Private Online Learning against an Adaptive Adversary: Realizable and Agnostic Settings [13.129167404736137]
我々は、学習者がT$のデータポイントのシーケンスを受け取り、仮説の段階ごとに応答しなければならない、プライベートオンライン学習の問題を再考する。出力仮説全体のストリームは、差分プライバシーを満たすべきである。一般的なLittlestoneクラスに対して$tildeO_d(sqrtT)$のサブ線形後悔を実現するアルゴリズムを提案する。
論文参考訳（メタデータ） (2025-10-01T06:53:57Z)
Learning to Cover: Online Learning and Optimization with Irreversible Decisions [50.5775508521174]

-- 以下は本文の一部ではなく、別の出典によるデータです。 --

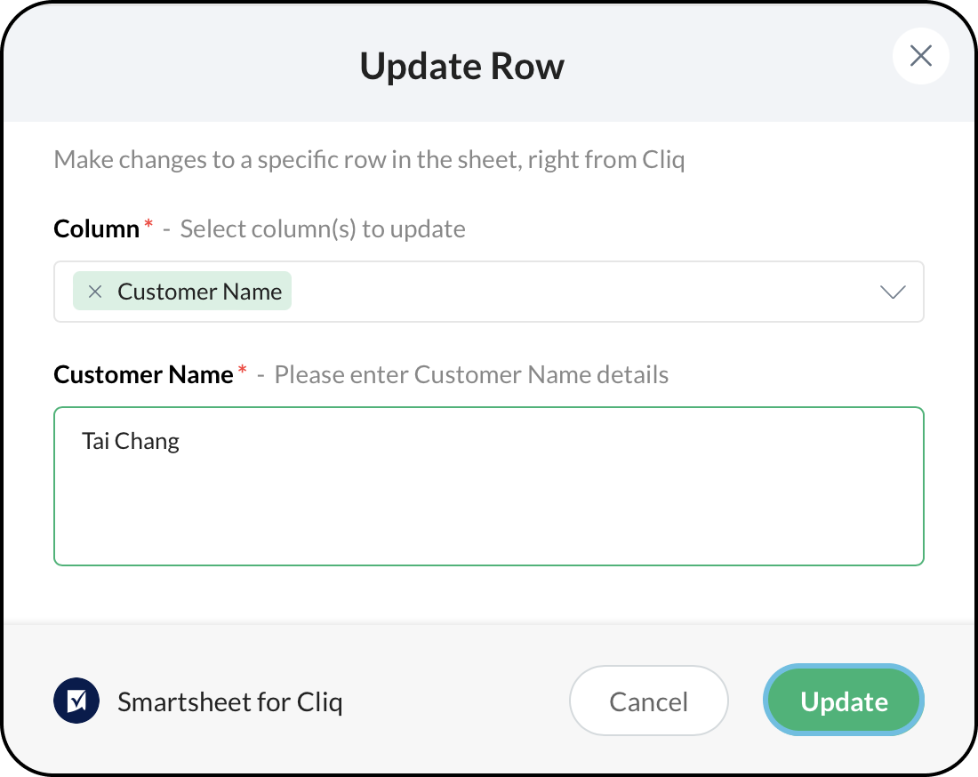 Update Row - By clicking on update row, you can update the data in the columns of the row inside Cliq.

我々は,個別かつ不可逆な意思決定を対象とするオンライン学習と最適化の問題を定義した。各期間において、意思決定者は、オープンする施設を選択し、それぞれの成功に関する情報を受け取り、将来の決定を導くために分類モデルを更新する。目的は,多数の施設を対象とする地平線を特徴とし,カバー対象を反映するチャンス制約の下で施設開口を最小化することである。
論文参考訳（メタデータ） (2024-06-20T23:00:25Z)
Low-Rank Bandits via Tight Two-to-Infinity Singular Subspace Recovery [45.601316850669406]
本稿では,政策評価,最良政策識別,後悔の最小化のための効率的なアルゴリズムを提案する。政策評価と最良の政策識別のために,我々のアルゴリズムは最小限に最適であることを示す。提案アルゴリズムは、まずスペクトル法を利用して、低ランク報酬行列の左特異部分空間と右特異部分空間を推定する。
論文参考訳（メタデータ） (2024-02-24T06:36:08Z)
Horizon-free Reinforcement Learning in Adversarial Linear Mixture MDPs [72.40181882916089]
我々のアルゴリズムが $tildeObig((d+log (|mathcalS|2 |mathcalA|))sqrtKbig)$ regret with full-information feedback, where $d$ is the dimension of a known feature mapping is linearly parametrizing the unknown transition kernel of the MDP, $K$ is the number of episodes, $|mathcalS|$ and $|mathcalA|$ is the standardities of the state and action space。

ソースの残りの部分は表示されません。